- PROBLEM DETAILS
For this exercise, an exact copy is needed of only the lines from the one containing "Here is one" through the end of the data, with pictures left out.

Stored data entries:
= = = = = = =

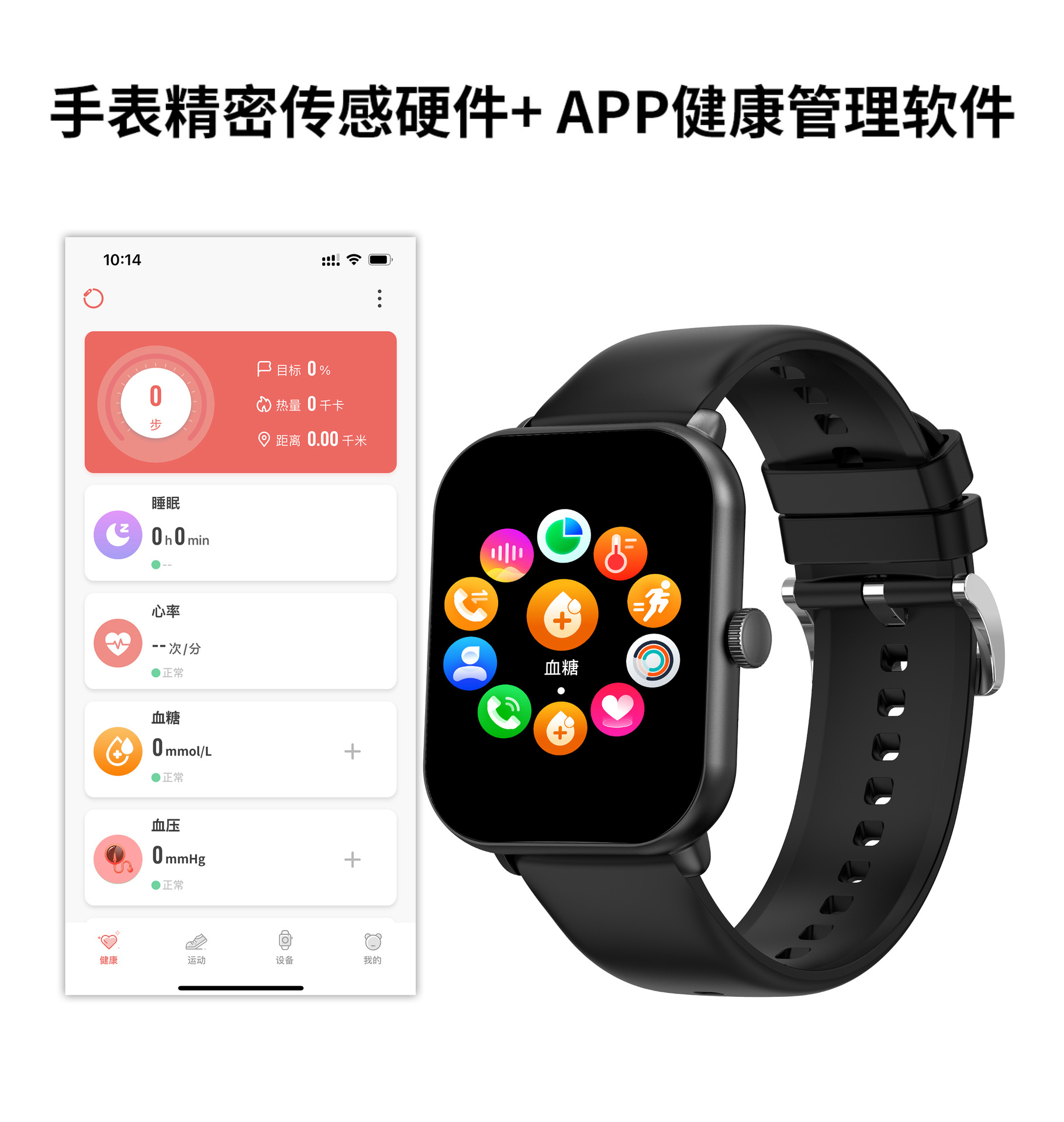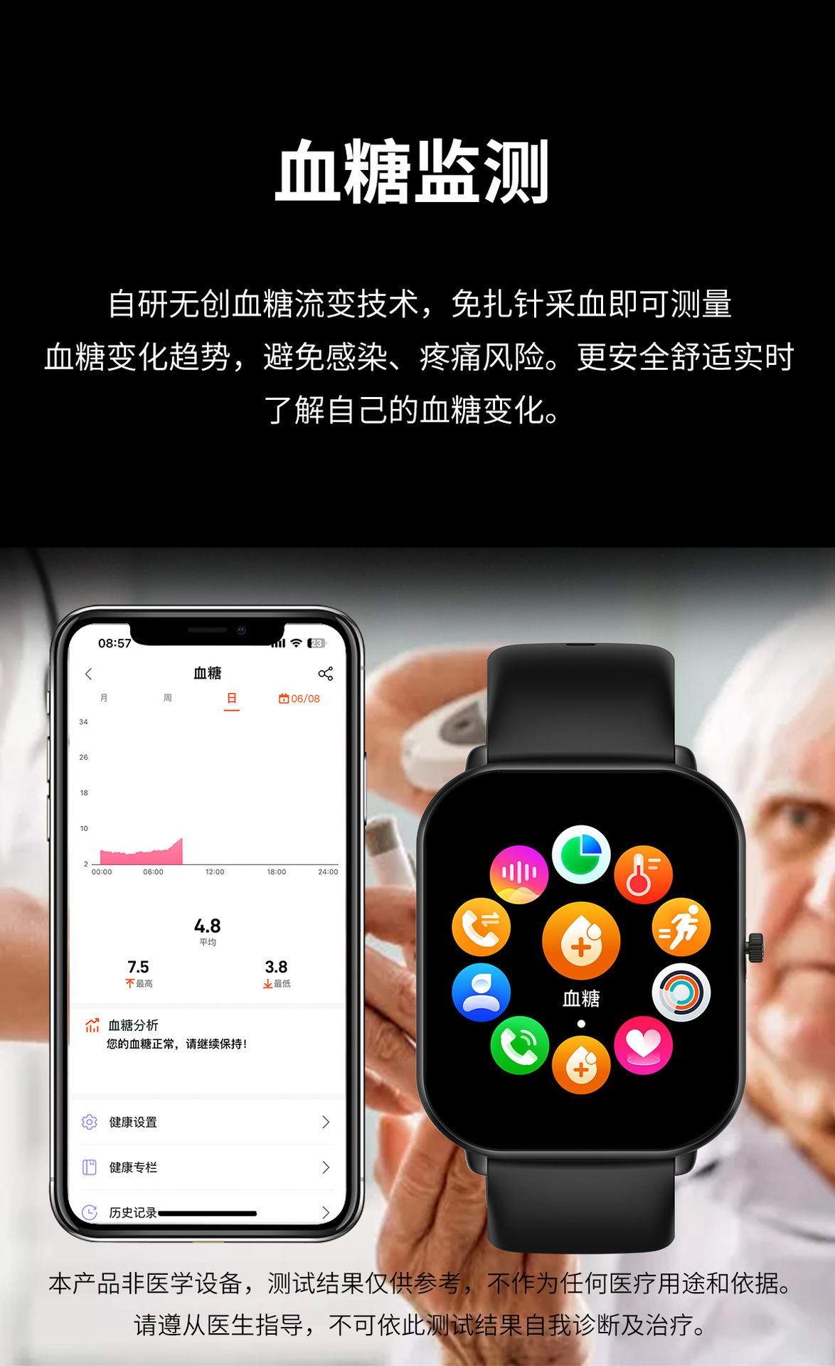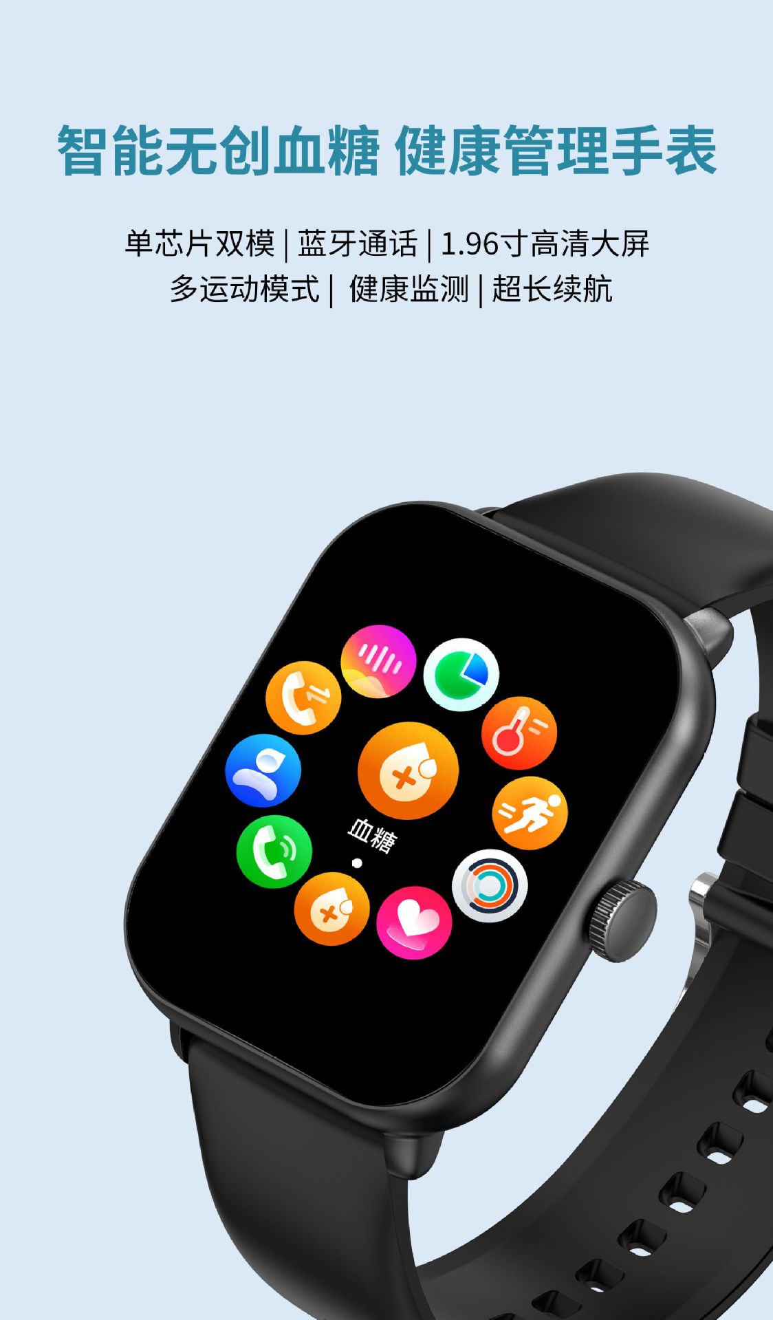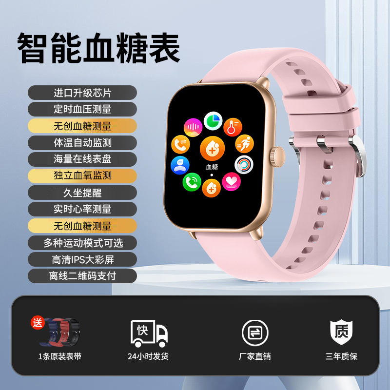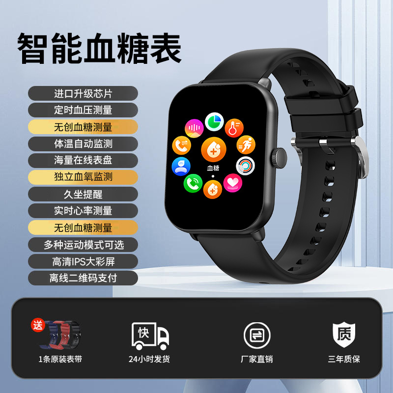 무료 비침습적 혈당 모니터링 혈압 혈액 산소 심박수 스마트 온도계 스마트 컬러 스크린 팔찌 혈당 시계
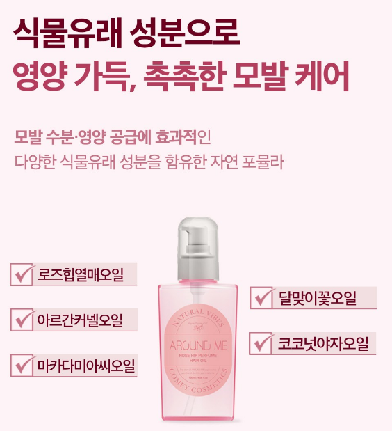 어라운드미 퍼퓸 헤어 오일은 극손상모 실크테라피가 가능하고 식물 유래 성분으로 촉촉한 모발 케어가 가능해요. 또한 끈적임없이 산뜻하고 향수 대용으로도 사용이 가능하답니다.
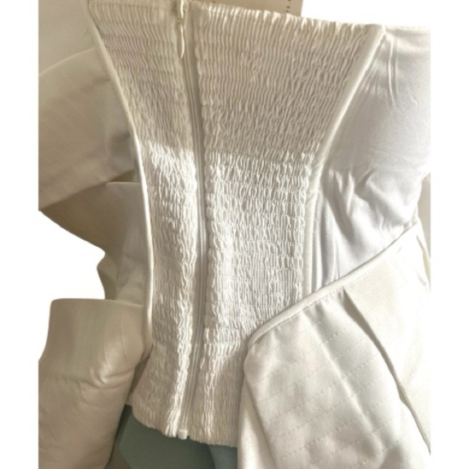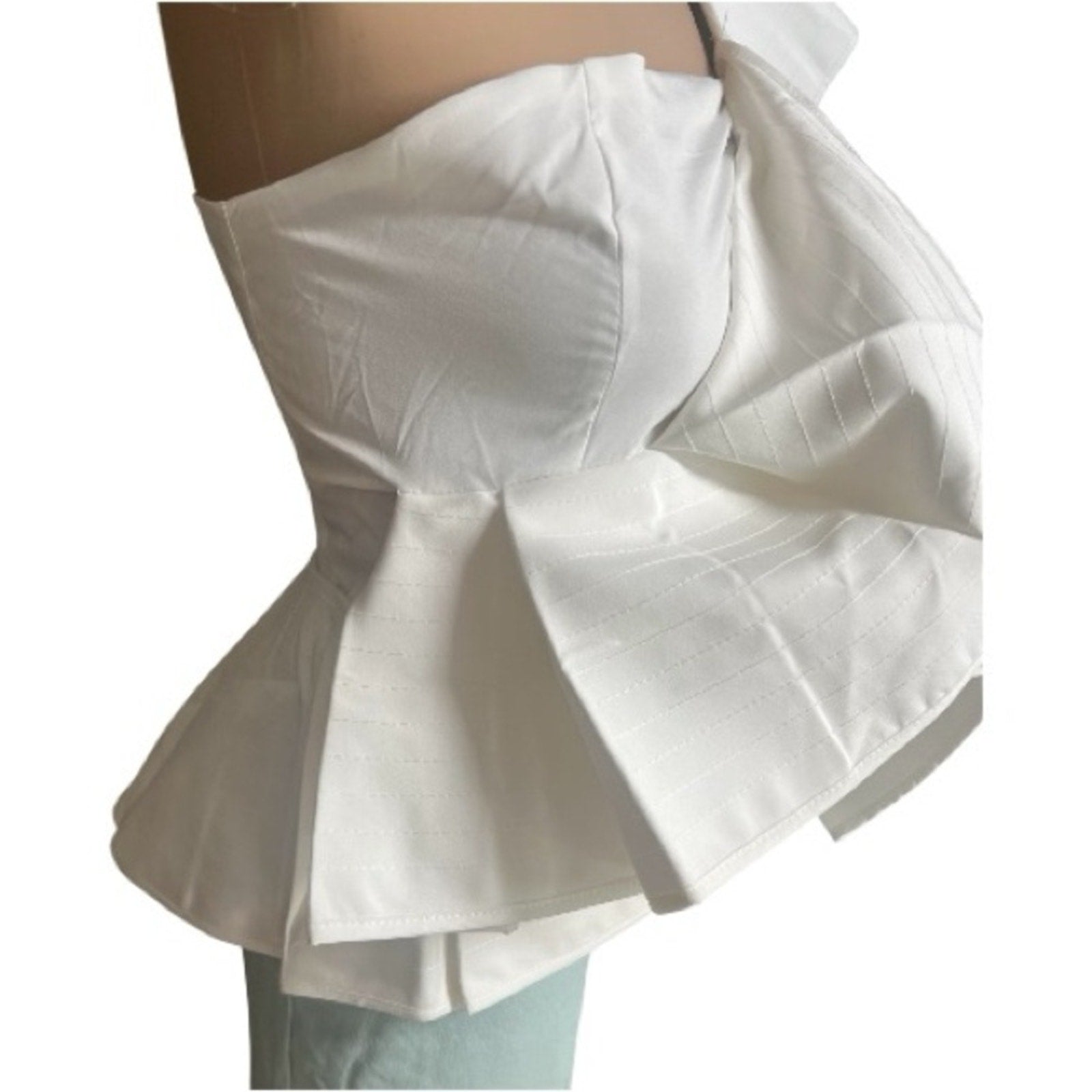Elegant white one-shoulder top with dramatic ruffles. Structural ruffles bring a dramatic shape to this one-shoulder STYLEKEEPERS top. Very fashionable and can be worn dramatic and or mire subdued depending on how you dramatic you want the ruffles. The ruffles can be flattened for a more demure look.
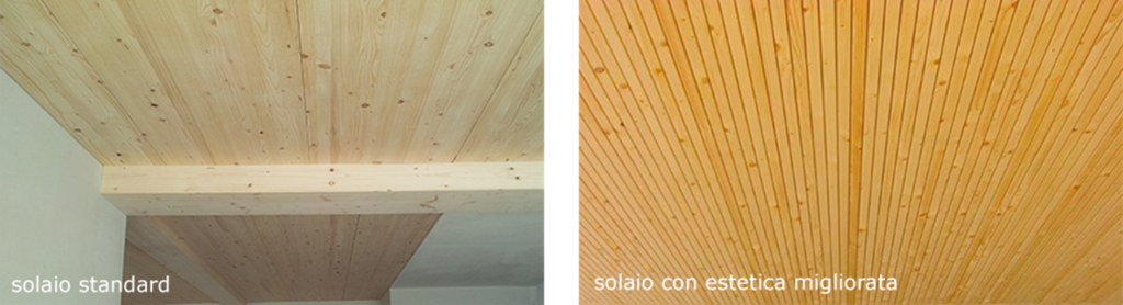 Il solaio a travi è formato da legni in abete bilama coperti da un tavolato maschio-femmina di spessore 32 mm, che funge da piano di calpestio.
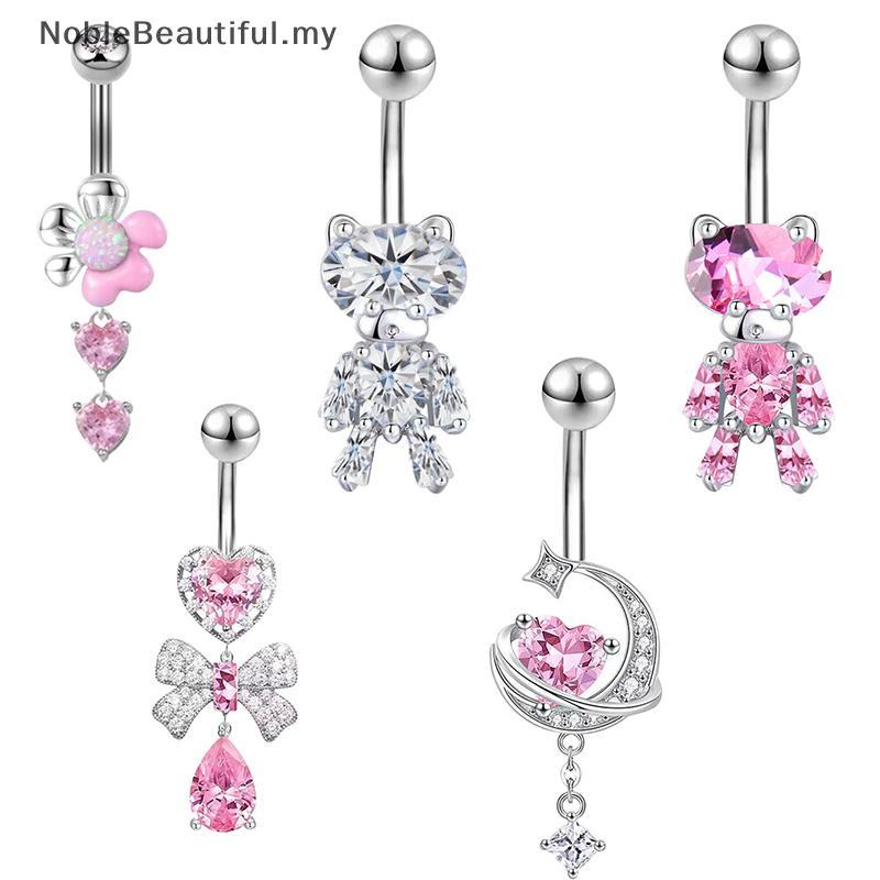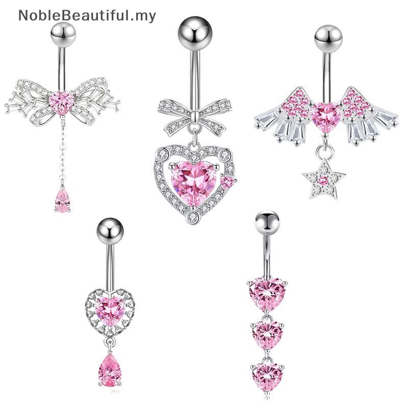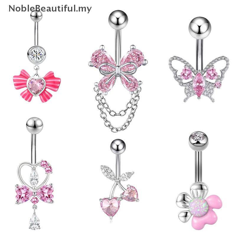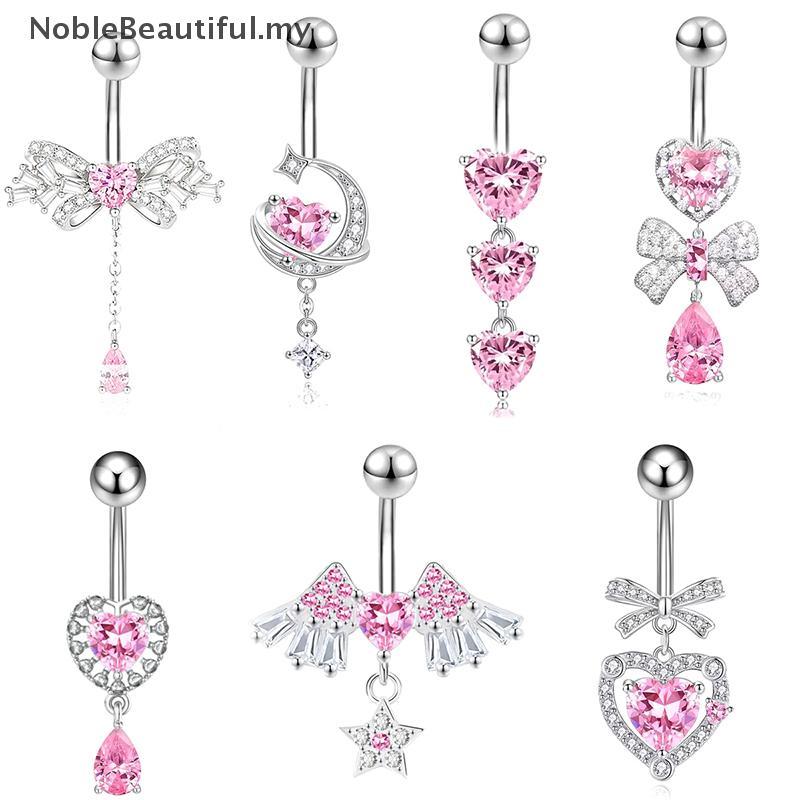 [NobleBeautiful] Pink Zircon Belly Button Rings Stainless Steel Heart Butterfly Navel Piercing Barbell For Women Beach Belly Ring Body Jewelry [MY]
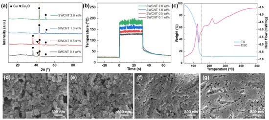 SWCNT concentration dependence on photo-thermal reaction. (a) X-ray diffraction patterns of SWCNT/Cu electrodes and (b) temperature profiles during laser irradiation of SWCNT/Cu-complex films at different SWCNT concentrations on glass substrates. (c) Thermogravimetry and differential scanning calorimetry curves of Cu-complex at a heating rate of 5 °C min−1 under air flow of 100 mL min−1. Scanning electron microscopy (SEM) images of SWCNT/Cu electrodes at SWCNT concentrations of (d) 0.1 wt%, (e) 0.5 wt%, (f) 1.0 wt%, and (g) 2.0 wt%.
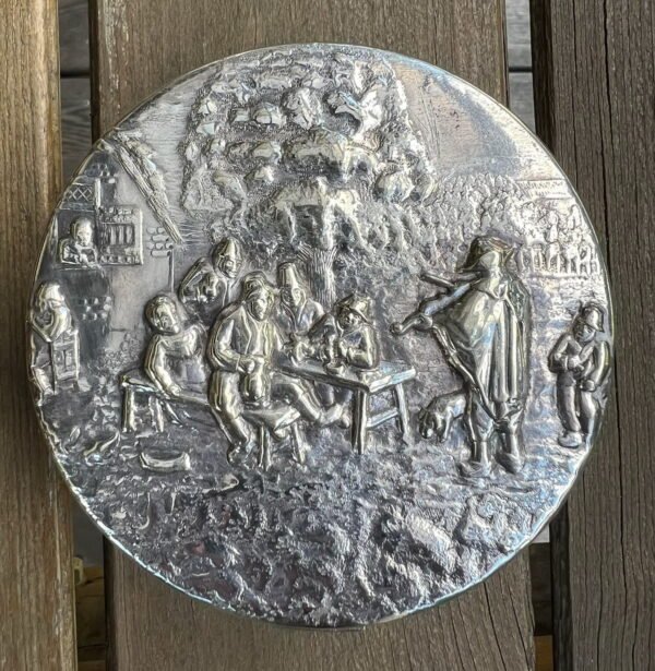 Skrynelė, dėžutė sidabruota antikvarinė Prima Alpacca Import. Aukštis 3,5, skersmuo 10 cm. Kaiina 26
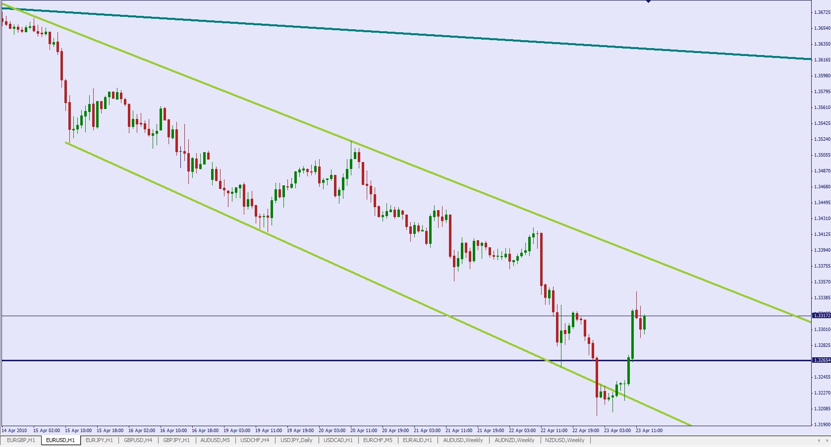 EURUSD Analyse 23/04/2010 en H4 (pour trader de H4 à 5 minutes) 6.00 am Paris, Bxl
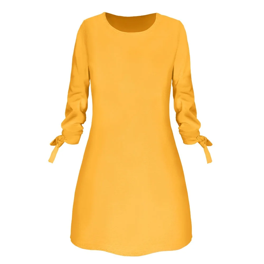 Платье женское однотонное с круглым вырезом, Модная элегантная свободная повседневная одежда, в стиле Харадзюку, весна-осень
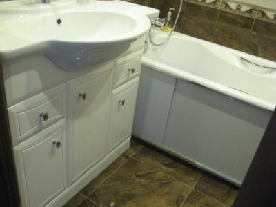 Наша компания выполнила ремонт ванной и туалета на Свободном проспекте. Дизайн выполнен в контрастных цветах с применением белого, коричневого и золотого оттенков.
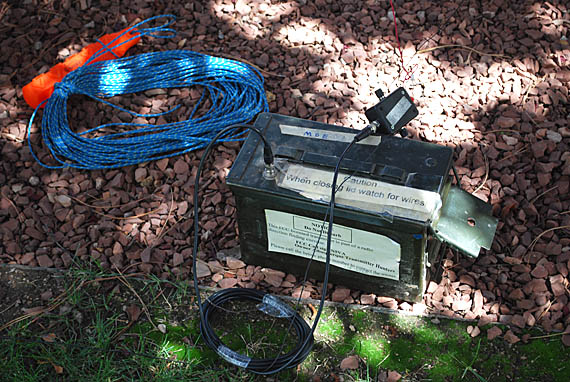 Here is one of the 80-meter fox transmitters in a waterproof ammunition box. The antenna is a vertical wire with an impedance-matching network at the base. The transmitter operator throws the weighted rope up into a tree, then hauls up the antenna wire.
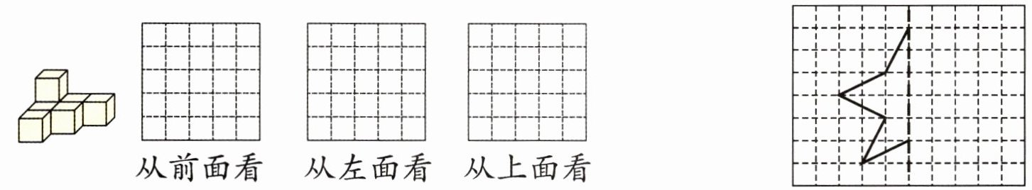 1. 在左下面方格纸上画出左边立体图形分别从前面、左面和上面看到的图形。
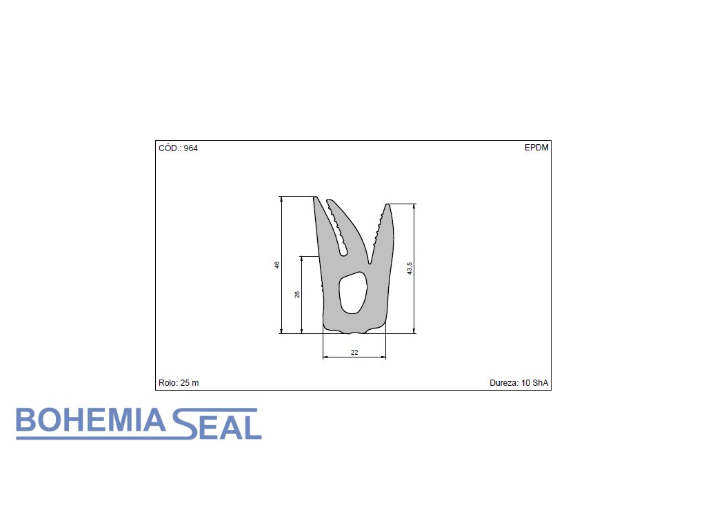 Typ: Pryžový profil pro automobilový průmysl mikroporézní EPDM 22 x 43,5 mm (cena za 1 metr)

= = = = = = =

- WRITTEN RESPONSE
 Here is one of the 80-meter fox transmitters in a waterproof ammunition box. The antenna is a vertical wire with an impedance-matching network at the base. The transmitter operator throws the weighted rope up into a tree, then hauls up the antenna wire.
 1. 在左下面方格纸上画出左边立体图形分别从前面、左面和上面看到的图形。
 Typ: Pryžový profil pro automobilový průmysl mikroporézní EPDM 22 x 43,5 mm (cena za 1 metr)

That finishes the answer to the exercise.